The ruling sets the stage for defense attorneys to use the same arguments in sexual assault cases throughout the military.
Should other judges accept the same line of reasoning, commands would have to consider issuing lesser administrative discharges to servicemembers found guilty of sexual assault. In some cases, this could allow servicemembers found guilty of sex crimes to retain veterans benefits, according to Defense Department regulations.
Wow. This is a big deal, especially when you consider the context of today’s raging debate regarding the alleged high number of sexual assaults in the military and an unwritten system of reporting that supposedly punishes the accusers. I’m sure this was not the intent of President Obama when he made his comments back in May, but nevertheless this is the result. One would think that someone as well-versed in law as our “Constitutional scholar President” supposedly is would understand that he needs to be very cautious as Commander in Chief in making comments about the punishment defendants in military trials should receive, but apparently not:
As soon as Obama made his off-the-cuff comment, military lawyers began to voice concern that his comments might be detrimental. “I thought of the unlawful command influence issue as soon as he spoke,” said James Mackler, a private attorney and Army reserve lawyer who was involved in sexual assault cases while on active duty.
“The principle behind it is a sound principle, which is that in the military there is a lot of pressure to follow the directives of your commanders, including the president,” he said. “It’s a legitimate problem.”
As a lawyer, Obama knows to be cautious in speaking about specific cases — as he has been for the past week in not speaking out on Edward Snowden — but may not be as familiar with the military justice system, Mackler said, where unlawful command influence creates problems, as it has in these cases and likely many more to come.
PJ Tatler’s Rick Moran chided the President for putting attempts to solidify his appeal to “women’s groups” over the rule of military law:
The president used the press conference to try and score political points with women’s groups who have been agitating for harsher treatment of sexual assault cases. The disposition of sexual assault cases is not at issue here. This is a question of knowledge and competence. In Obama’s eagerness to show women’s groups how tough he is going to be on military personnel convicted of sexual assault crimes, he stupidly handed defense lawyers a gift — and tied the hands of military judges.
Those convicted of serious sexual assault charges will still go to prison. But being unable to dishonorably discharge the felons means it’s possible one could be convicted of sexual assault and still be eligible for veterans’ benefits.
A president more respectful of military traditions would not have made such a stupid gaffe.

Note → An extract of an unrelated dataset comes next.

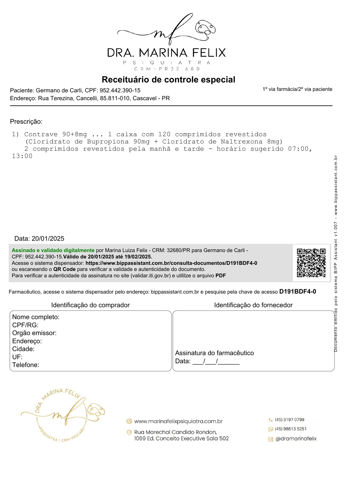 Receituário de controle especial Paciente: Germano de Carli, CPF: 952.442.390-15 Endereço: Rua Terezina, Cancelli, 85.811-010, Cascavel - PR Prescrição: 1) Contrave 90+8mg ... 1 caixa com 120 comprimidos revestidos (Cloridrato de Bupropiona 90mg + Cloridrato de Naltrexona 8mg) 2 comprimidos revestidos pela manhã e tarde - horário sugerido 07:00, 13:00 Data: 20/01/2025 1º via farmácia/2º via paciente Assinado e validado digitalmente por Marina Luiza Felix - CRM: 32680/PR para Germano de Carli - CPF: 952.442.390-15.Válido de 20/01/2025 até 19/02/2025. Acesse o sistema dispensador: https://www.bippassistant.com.br/consulta-documentos/D191BDF4-0 ou escaneando o QR Code para verificar a validade e autenticidade do documento. Para verificar a autenticidade da assinatura no site (validar.iti.gov.br) e utililze o arquivo PDF Farmacêutico, acesse o sistema dispensador pelo endereço: bippassistant.com.br e pesquise pela chave de acesso D191BDF4-0 Identificação do comprador Identificação do fornecedor Nome completo: CPF/RG: Orgão emissor: Endereço: Cidade: UF: Telefone: Assinatura do farmacêutico Data: ___/___/______ D o c u m e n to e m it id o p e lo s is te m a B IP P A s s is ta n t v 1 .0 0 7 - w w w .b ip p a s s is ta n t. c o m .b r Receituário de controle especial Paciente: Germano de Carli, CPF: 952.442.390-15 Endereço: Rua Terezina, Cancelli, 85.811-010, Cascavel - PR Prescrição: 1) Vurtuoso 15mg ... 1 caixa com 60 comprimidos revestidos 1 comprimido revestido à noite - horário sugerido 21:00 Data: 20/01/2025 1º via farmácia/2º via paciente Assinado e validado digitalmente por Marina Luiza Felix - CRM: 32680/PR para Germano de Carli - CPF: 952.442.390-15.Válido de 20/01/2025 até 19/02/2025. Acesse o sistema dispensador: https://www.bippassistant.com.br/consulta-documentos/D191BDF4-0 ou escaneando o QR Code para verificar a validade e autenticidade do documento. Para verificar a autenticidade da assinatura no site (validar.iti.gov.br) e utililze o arquivo PDF Farmacêutico, acesse o sistema dispensador pelo endereço: bippassistant.com.br e pesquise pela chave de acesso D191BDF4-0 Identificação do comprador Identificação do fornecedor Nome completo: CPF/RG: Orgão emissor: Endereço: Cidade: UF: Telefone: Assinatura do farmacêutico Data: ___/___/______ D o c u m e n to e m it id o p e lo s is te m a B IP P A s s is ta n t v 1 .0 0 7 - w w w .b ip p a s s is ta n t. c o m .b r Receituário de controle especial Paciente: Germano de Carli, CPF: 952.442.390-15 Endereço: Rua Terezina, Cancelli, 85.811-010, Cascavel - PR Prescrição: 1) Contrave 90+8mg ... 1 caixa com 120 comprimidos revestidos (Cloridrato de Bupropiona 90mg + Cloridrato de Naltrexona 8mg) 2 comprimidos revestidos pela manhã e tarde - horário sugerido 07:00, 13:00 Data: 19/02/2025 1º via farmácia/2º via paciente Assinado e validado digitalmente por Marina Luiza Felix - CRM: 32680/PR para Germano de Carli - CPF: 952.442.390-15.Válido de 19/02/2025 até 21/03/2025. Acesse o sistema dispensador: https://www.bippassistant.com.br/consulta-documentos/D191BDF4-1 ou escaneando o QR Code para verificar a validade e autenticidade do documento. Para verificar a autenticidade da assinatura no site (validar.iti.gov.br) e utililze o arquivo PDF Farmacêutico, acesse o sistema dispensador pelo endereço: bippassistant.com.br e pesquise pela chave de acesso D191BDF4-1 Identificação do comprador Identificação do fornecedor Nome completo: CPF/RG: Orgão emissor: Endereço: Cidade: UF: Telefone: Assinatura do farmacêutico Data: ___/___/______ D o c u m e n to e m it id o p e lo s is te m a B IP P A s s is ta n t v 1 .0 0 7 - w w w .b ip p a s s is ta n t. c o m .b r Receituário de controle especial Paciente: Germano de Carli, CPF: 952.442.390-15 Endereço: Rua Terezina, Cancelli, 85.811-010, Cascavel - PR Prescrição: 1) Vurtuoso 15mg ... 1 caixa com 60 comprimidos revestidos 1 comprimido revestido à noite - horário sugerido 21:00 Data: 19/02/2025 1º via farmácia/2º via paciente Assinado e validado digitalmente por Marina Luiza Felix - CRM: 32680/PR para Germano de Carli - CPF: 952.442.390-15.Válido de 19/02/2025 até 21/03/2025. Acesse o sistema dispensador: https://www.bippassistant.com.br/consulta-documentos/D191BDF4-1 ou escaneando o QR Code para verificar a validade e autenticidade do documento. Para verificar a autenticidade da assinatura no site (validar.iti.gov.br) e utililze o arquivo PDF Farmacêutico, acesse o sistema dispensador pelo endereço: bippassistant.com.br e pesquise pela chave de acesso D191BDF4-1 Identificação do comprador Identificação do fornecedor Nome completo: CPF/RG: Orgão emissor: Endereço: Cidade: UF: Telefone: Assinatura do farmacêutico Data: ___/___/______ D o c u m e n to e m it id o p e lo s is te m a B IP P A s s is ta n t v 1 .0 0 7 - w w w .b ip p a s s is ta n t. c o m .b r Powered by TCPDF (www.tcpdf.org) http://www.tcpdf.org 2_16_76_1_12_1_1: 03_Nome Completo Emitente: Marina Luiza Felix 2_16_76_1_4_2_2_1: 32680 2_16_76_1_4_2_2_2: PR 2_16_76_1_4_2_2_3: 23698 2025-01-20T12:17:46-0300

Let’s take a moment and think about how “feminists” and other left wing activists would react to this judge’s ruling if it’s something that happened during the Bush administration … as it stands, their reaction in this case will be quite muted, I assure you. Why? Because Obama is the pro-abortion President they’ve always dreamed of, even more so than Bubba Clinton, and really – when all is said and done with this administration when it comes to left wing women, that is -sadly – all that matters.